In the 1920s, Gay grew a strong interest in the study of homosexuality. After visiting Magnus Hirschfeld's Institute for Sexual Science in Berlin and learning the methods to conduct a questionnaire on sexuality, Gay embarked on her own career in research. Over the next ten years she garnered over three hundred interviews with lesbians in Europe and New York. The survey included both the participants' general life experiences and their homosexual experiences. Yet, to get published, Gay was forced to have medical backing to confirm her research, leading her to select Robert Latou Dickinson as her research collaborator.

Dickinson was a strong medical advocate for birth control in the 1920s and 30s. His work exploring and studying homosexual cases without the commonly held disdain for it could have intrigued Gay and influenced her choice to collaborate with him. Dickinson saw the potential for Gay's research to perhaps enlighten new ideas about homosexuality. He not only agreed to launch a "large-scale medical investigation of homosexuality", therefore certifying Gay's work for publishing, but also gave her money to start it. Yet, in the process of applying for further sponsorship from the maternal health committee, Dickinson failed to gain approval from the majority of the members, who did not see this research as in line with the committee's overall objectives. This disapproval led Dickinson to create his own committee, "The Committee for the Study of Sex Variants". In the process of recruiting members for the committee, psychiatrist George W. Henry was eventually assigned as Gay's research director.

Gay's sex variants study moved to include men when she met Thomas Painter, another gay researcher, who was studying male prostitution. With his connections to the homosexual world, Painter joined her study.

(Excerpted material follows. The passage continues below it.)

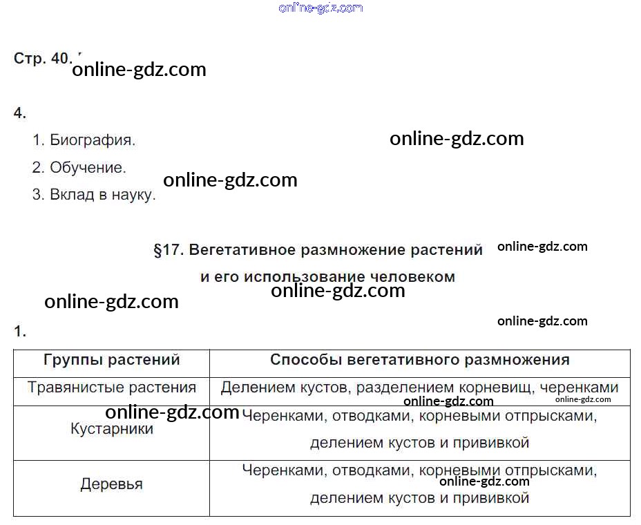 Готовые домашние задания по Биологии за 6 класс Рабочая тетрадь Пономарева, Корнилова Алгоритм успеха 2020 - Часть 1. Страницы 40
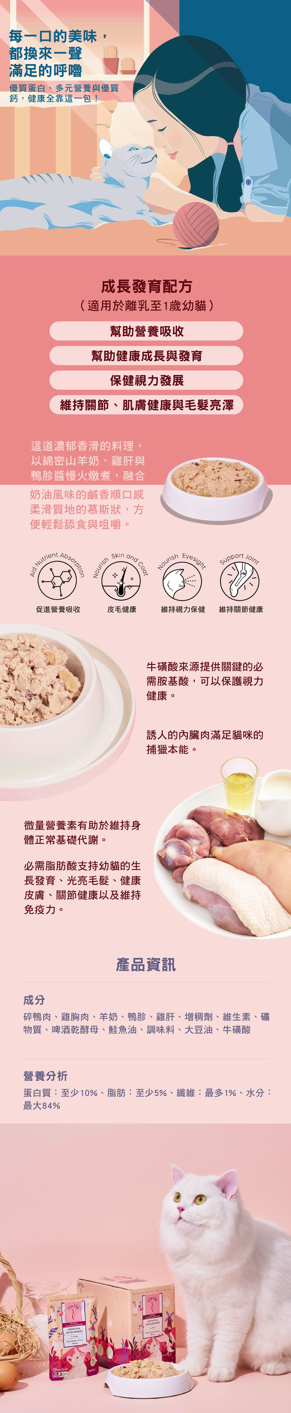 這款精心設計的配方,採用鴨肉與雞肉,經慢燉處理,使肉質更加嫩滑,搭配順滑的山羊奶、雞肝與鴨胃醬,形成細緻慕斯口感,讓幼貓更易進食與消化。

The two of them gathered a group of lesbians and gay men to conduct interviews. The interviews included questions about participants' personal lives, work experiences, sexual habits, and perspectives on homosexuality. The participants' narratives revealed shared experiences and struggles with being gay which were previously hidden in the medical field. One of the participants, an artist named Ellen T., stated "In the beginning I was very silly about homosexuality. Never for a moment did I think it was anything very wrong... I know now that that is stupid." In addition to interviews, Henry also conducted medical examinations on the participants to assess their physical masculine and feminine traits. The result turned out to counter the conventional belief that gay men and lesbians would display physical traits opposite to their biological sex, as Henry reported that four-fifths of the male participants displayed masculine traits such as athletic physique and broad shoulders.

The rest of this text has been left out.